YOUR OBJECTIVE: When the listing below reaches the line that has "暇が無くて開けてなかったけど", start reproducing exactly; stop after the line that has "A capa é desenvolvida", and drop the pictures.

DATASET RECORDS:
+++++

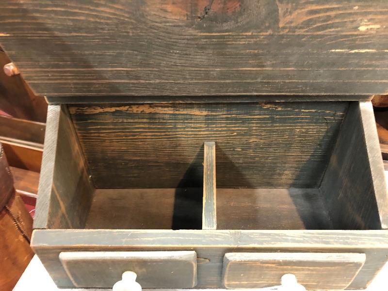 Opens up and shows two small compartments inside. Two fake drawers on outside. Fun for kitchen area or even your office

+++++

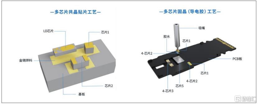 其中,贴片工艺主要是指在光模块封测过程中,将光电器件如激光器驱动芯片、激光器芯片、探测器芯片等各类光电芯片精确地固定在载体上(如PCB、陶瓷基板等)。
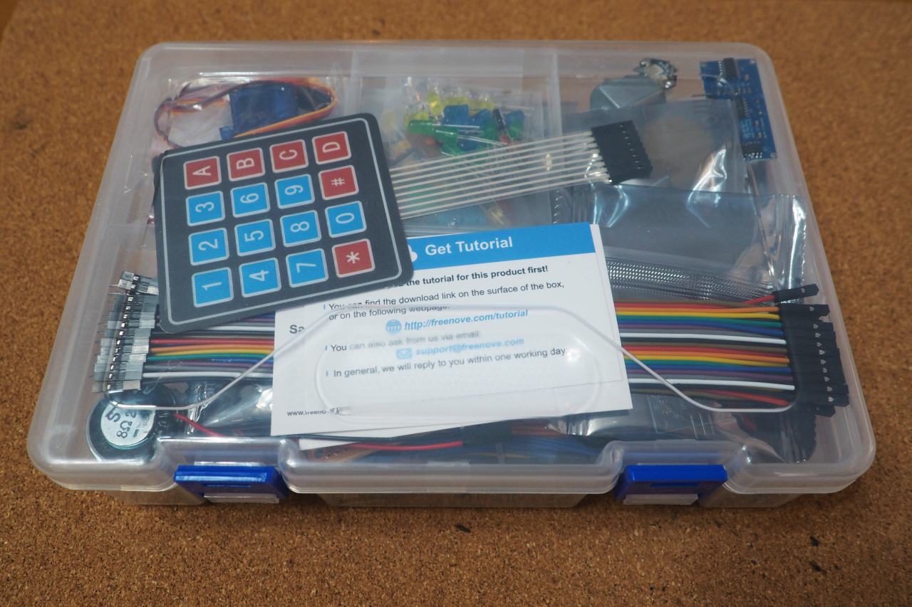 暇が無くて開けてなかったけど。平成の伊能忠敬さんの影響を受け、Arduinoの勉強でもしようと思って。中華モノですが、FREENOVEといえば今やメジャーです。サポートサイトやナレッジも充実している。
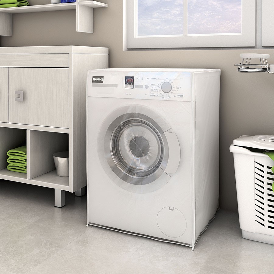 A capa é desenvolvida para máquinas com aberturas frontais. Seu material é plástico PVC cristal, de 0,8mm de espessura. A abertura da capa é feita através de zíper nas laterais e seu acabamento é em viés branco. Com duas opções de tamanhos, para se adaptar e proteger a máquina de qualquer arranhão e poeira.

+++++

RESPONSE TO THIS EXERCISE:
 暇が無くて開けてなかったけど。平成の伊能忠敬さんの影響を受け、Arduinoの勉強でもしようと思って。中華モノですが、FREENOVEといえば今やメジャーです。サポートサイトやナレッジも充実している。
 A capa é desenvolvida para máquinas com aberturas frontais. Seu material é plástico PVC cristal, de 0,8mm de espessura. A abertura da capa é feita através de zíper nas laterais e seu acabamento é em viés branco. Com duas opções de tamanhos, para se adaptar e proteger a máquina de qualquer arranhão e poeira.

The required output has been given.